» Data for review
Content starts
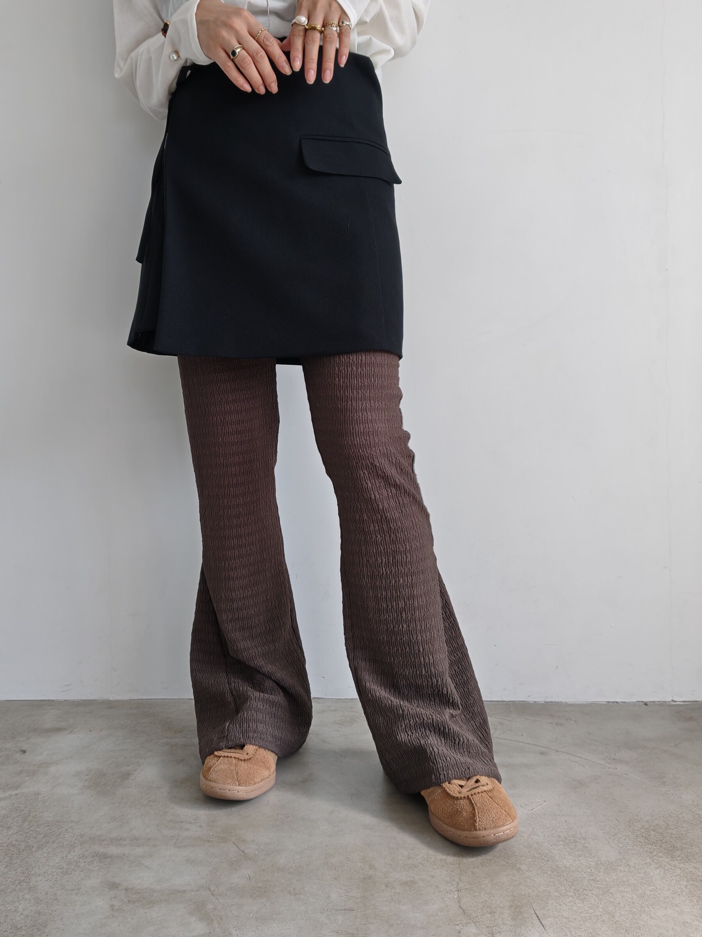 普段からお声も多く私自身もずっと欲しかったレイヤードにも便利なフレアの楽チンで綺麗なフレアレギンスパンツ!LIKEFORLIKEでも作成している巻きスカートとのレイヤードやSheer shiny topとのバランスやワンピースとのレイヤードアイテムにも、
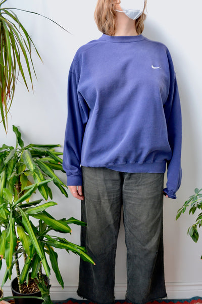 Late Nineties Navy Blue Crewneck Sweatshirt. Embroidered Swoosh.
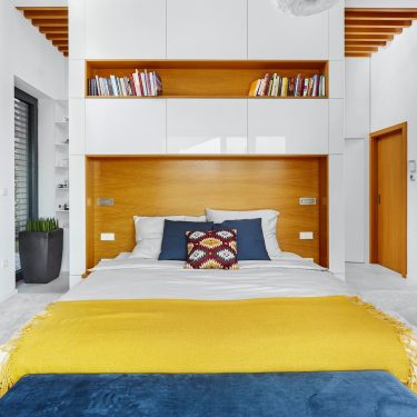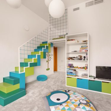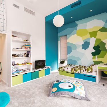 A hálószobák a játék és mese birodalmai a gyerekek számára, egyedi falfestések készültek melyek feldobják a tereket. A szülőknek a pihenés és feltöltődés helye a hálószoba és a hozzá kapcsolódó nyitott fürdőszoba. A belső átriumot körbe ölelő folyosóról nyílnak a további hálószobák és a kiszolgáló helyiségek, itt törekedtünk a funkcionalitásra és a ház többi részével való harmonizálásra.
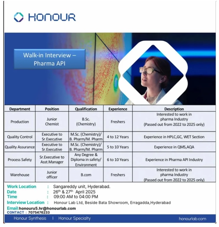 Honour Lab Limited is Established in the year 2010, in Erragadda, Hyderabad is a top player in the category Pharmaceutical Manufacturers in the Hyderabad. We are conducting walk-in interviews for Sangareddy Plant. We are Hiring Production / QA/ QC/Process Safety / Warehouse Candidates for Units located at Sangareddy on 26th & 27th April-2025, 9:00 AM to 04:00 PM at Hyderabad.
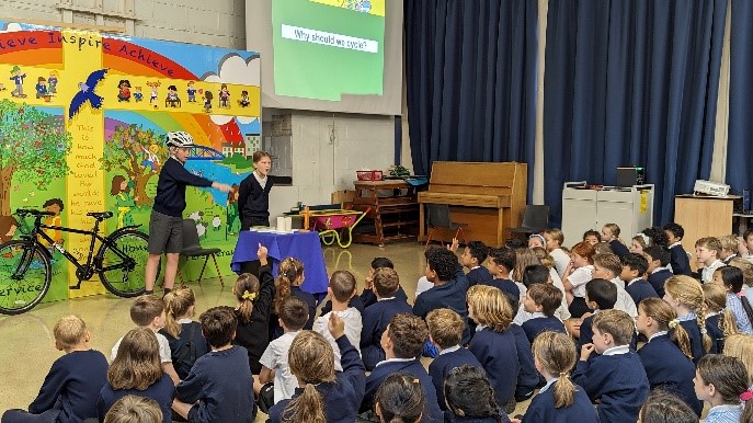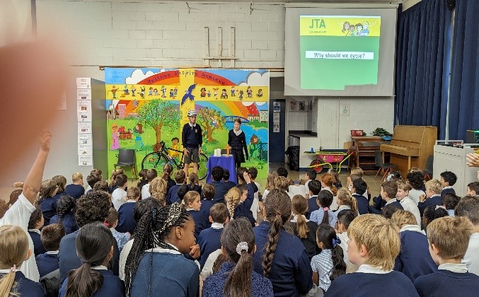 Our Junior Road Safety Officers, Sam and Ronnie, led two assemblies this week to encourage us all to travel actively to school every day. In a whole school assembly Sam and Ronnie talked about the benefits of walking to school. One benefit they emphasised was walking, cycling or scooting instead of travelling by car means there is less pollution. This creates a cleaner, healthier air for everyone to breathe. This reminds us of Article 24 in the UNCRC: Every child has the right to good quality health care and a clean environment.
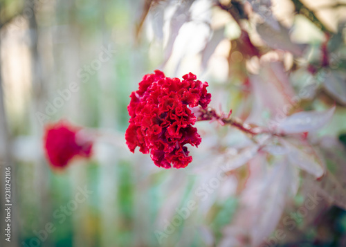 Selective focus blooming Celosia, woolflowers or cockscomb flower in highland Mai Chau, Hoa Binh, Vietnam, resemblance to the comb on rooster vibrant blossom magenta with unique comb-like shape
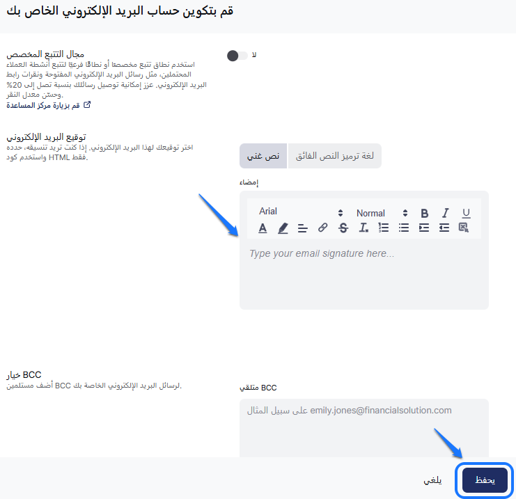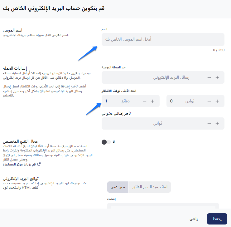 قم بإجراء التعديلات اللازمة - الاسم، الحدود اليومية، نطاق التتبع المخصص، التوقيع أو خيار BCC وها هو! 🎯 سيتم تطبيق تحديثاتك على جميع حسابات البريد الإلكتروني المحددة فورًا.
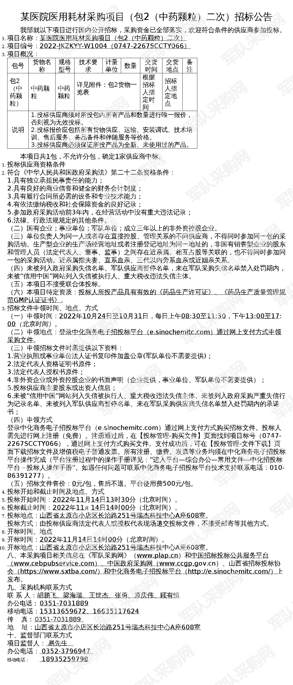 【军队采购网某医院】医用耗材采购项目(包2(中药颗粒)二次)招标公告2022-JKZKYY-W1004
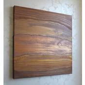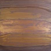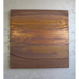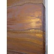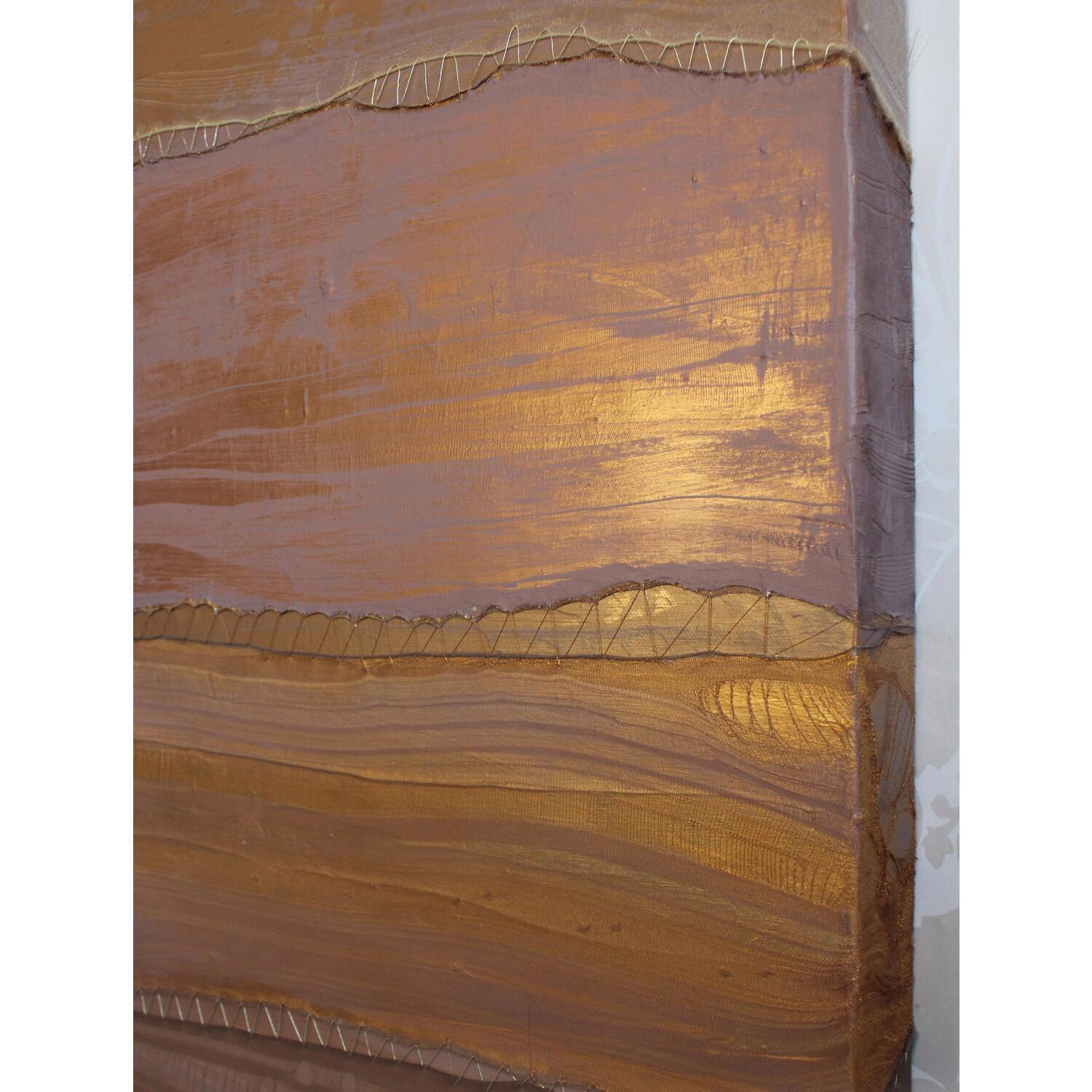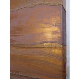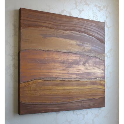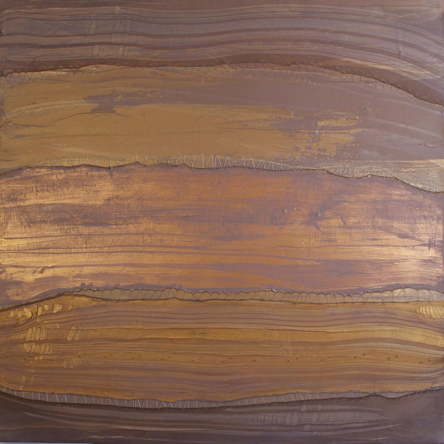L'artiste a mélangé de la peinture acrylique, du textile (des collants de récupération) et du fil pour créer cette composition de grand format sur une toile de 4 cm d'épaisseur, conférant à l’œuvre une belle présence sur le mur. Inspirée de la couleur Pantone de l'année 2025, "Mocha Mousse", rehaussée de doré et de cuivré, cette composition offre une palette riche et pleine de reflets, changeants selon la lumière, évoquant le ciel d'un monde supraterrestre.
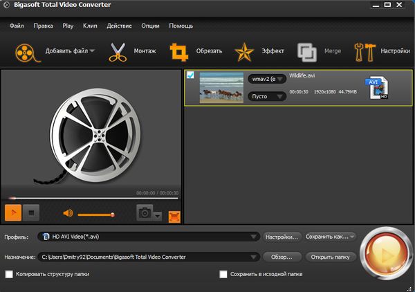 Bigasoft Total Video Converter - мощный видеоконвертер, позволяющий конвертировать практически любые видеофайлы в различные форматы. Программа распознает свыше 40 видео и аудио форматов и поддерживает конвертирование между свыше 30 форматами (HEVC/H.265, AVI, Xvid, DivX, H.264, MP4, 3GP, MKV, WMV, RM, FLV, MOV, WTV, MXF, MVI, F4V, Apple ProRes MOV, WebM, VP8, VP9, DAV, 720p, 1080p, 1080i HD, AVCHD видео и многими другими).
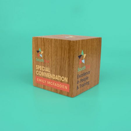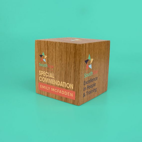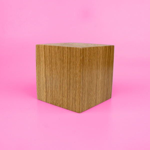 Oak cube. Responsibly sourced, individually unique and 100% recyclable.
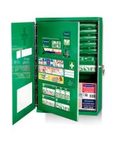 Førstehjelpsstasjon med produkter for de fleste typer skader. Nå også med integrert Soft Foam Dispenser 2 meter. Inneholder også brannsårkompresser og øye- og sårvaskespray. Gjennomsiktig dør beskytter mot støv og fuktighet. Plasterautomat med påfyllingsnøkkel. Ekstra oppbevaringsplass for eget utvalg av produkter.
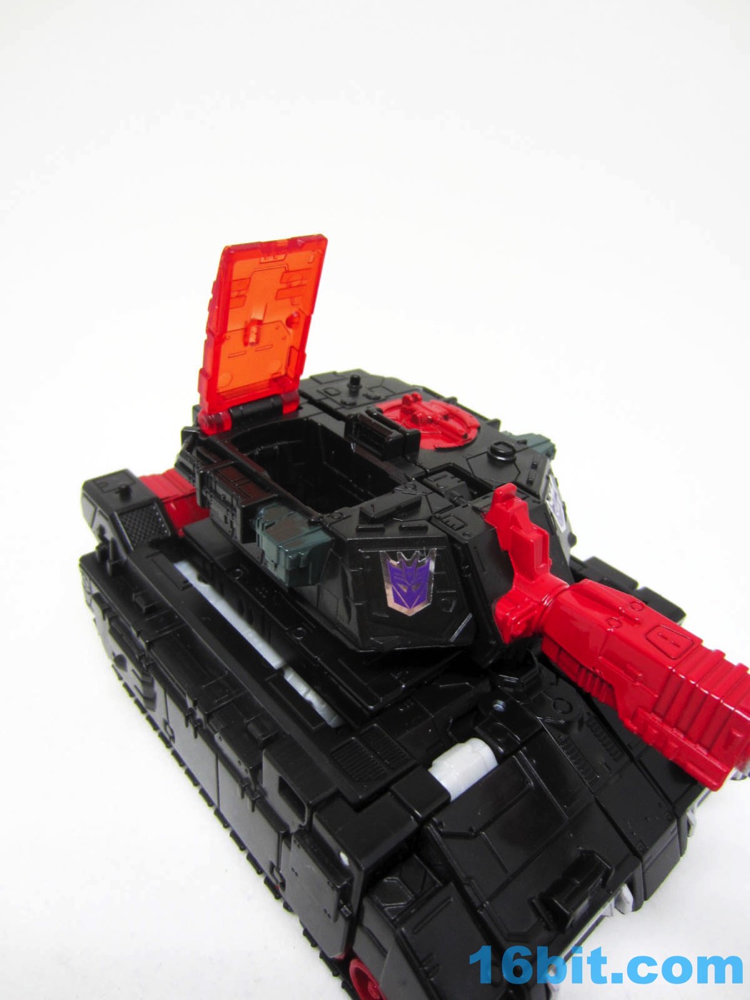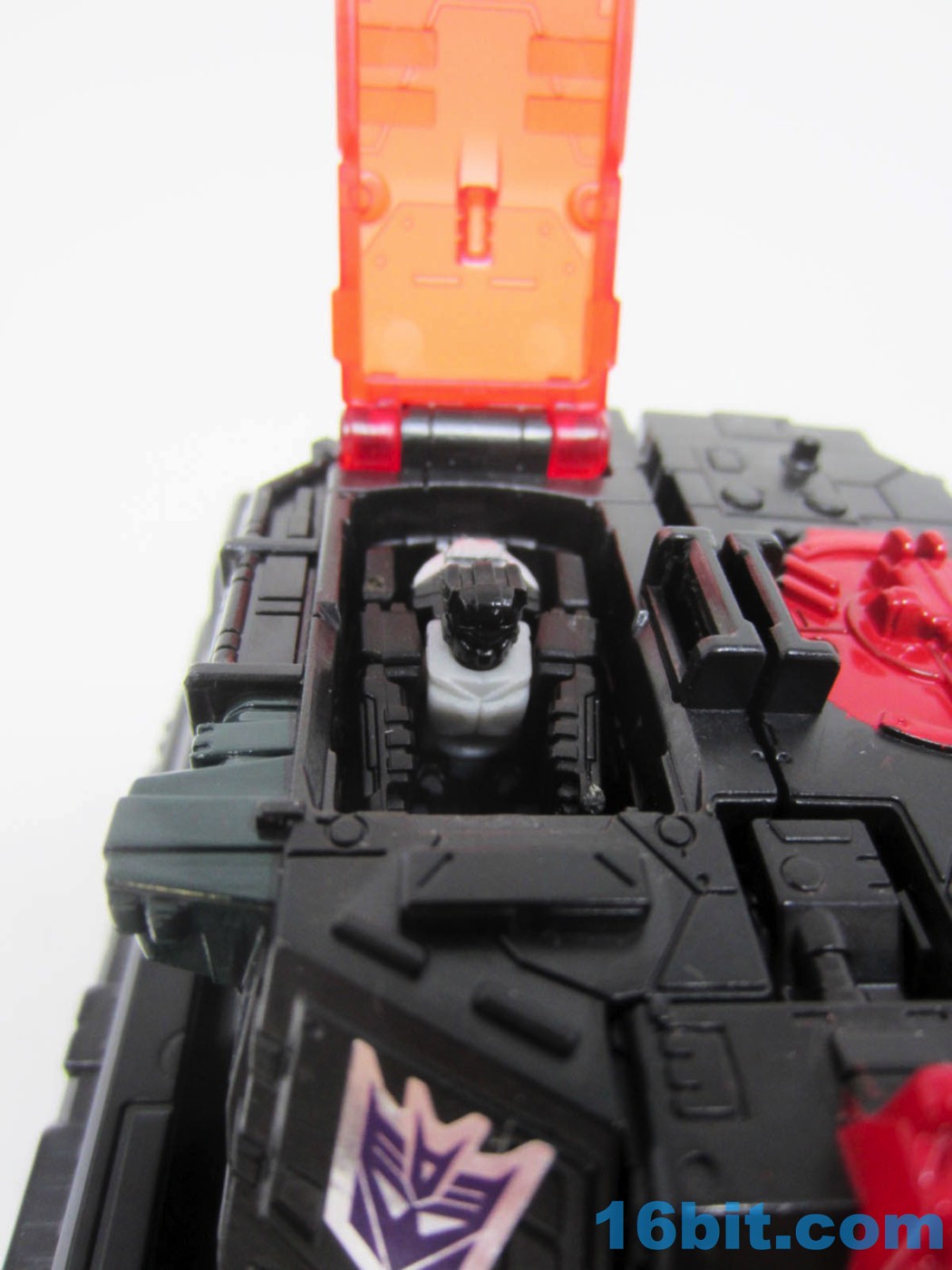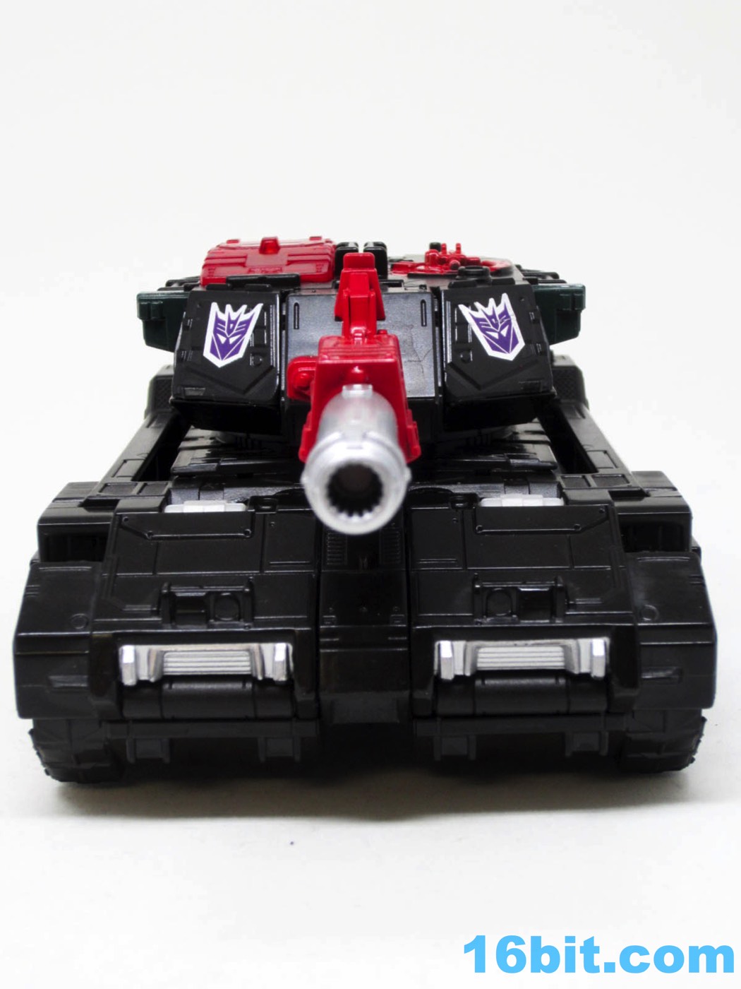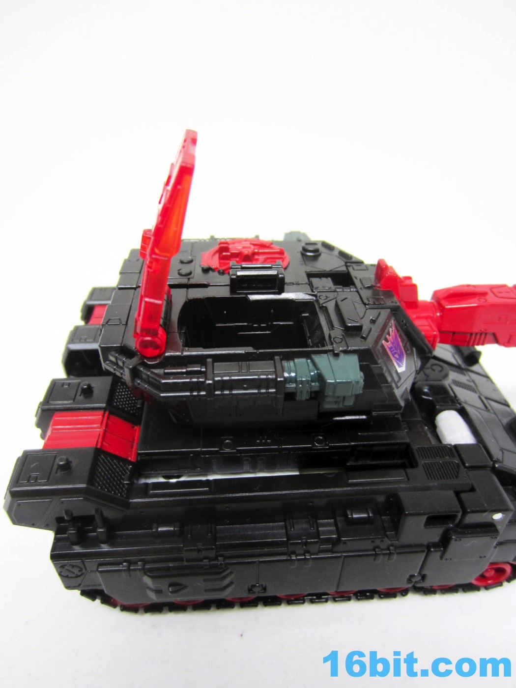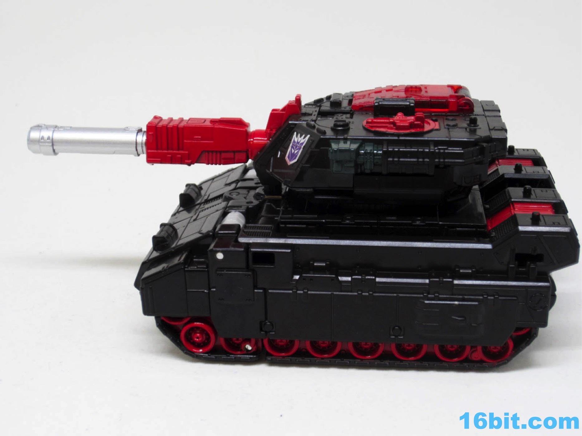 Tanks for the bonus vehicle! The turret doesn't turn because it has to also become the robot legs, and getting the gun out of the turret location is tricky. Not as tricky as getting the base mode connectors out of the feet, but it's still a challenge for even seasoned toy manipulators. There are little rolling wheels under the treads, but they don't do a lot to help movement. They're small but nifty, leaving the tank mode as a not-too-meaty armored vehicle with a clear red seating area for a Titan Master of your choosing. The colors are perfect, and for some reason the clear red parts send a signal to my brain that this toy has electronics. (It does not have electronics.) A firing rocket would've been nice, but I assume they can't factor in everything and still make a profit. A pity.
Content ends
» What you have to do
Extract, word for word, every line from the one holding "Oak cube. Responsibly" through the closing line of the data above. Do not include any pictures.

» Exercise solution
 Oak cube. Responsibly sourced, individually unique and 100% recyclable.
 Førstehjelpsstasjon med produkter for de fleste typer skader. Nå også med integrert Soft Foam Dispenser 2 meter. Inneholder også brannsårkompresser og øye- og sårvaskespray. Gjennomsiktig dør beskytter mot støv og fuktighet. Plasterautomat med påfyllingsnøkkel. Ekstra oppbevaringsplass for eget utvalg av produkter.
 Tanks for the bonus vehicle! The turret doesn't turn because it has to also become the robot legs, and getting the gun out of the turret location is tricky. Not as tricky as getting the base mode connectors out of the feet, but it's still a challenge for even seasoned toy manipulators. There are little rolling wheels under the treads, but they don't do a lot to help movement. They're small but nifty, leaving the tank mode as a not-too-meaty armored vehicle with a clear red seating area for a Titan Master of your choosing. The colors are perfect, and for some reason the clear red parts send a signal to my brain that this toy has electronics. (It does not have electronics.) A firing rocket would've been nice, but I assume they can't factor in everything and still make a profit. A pity.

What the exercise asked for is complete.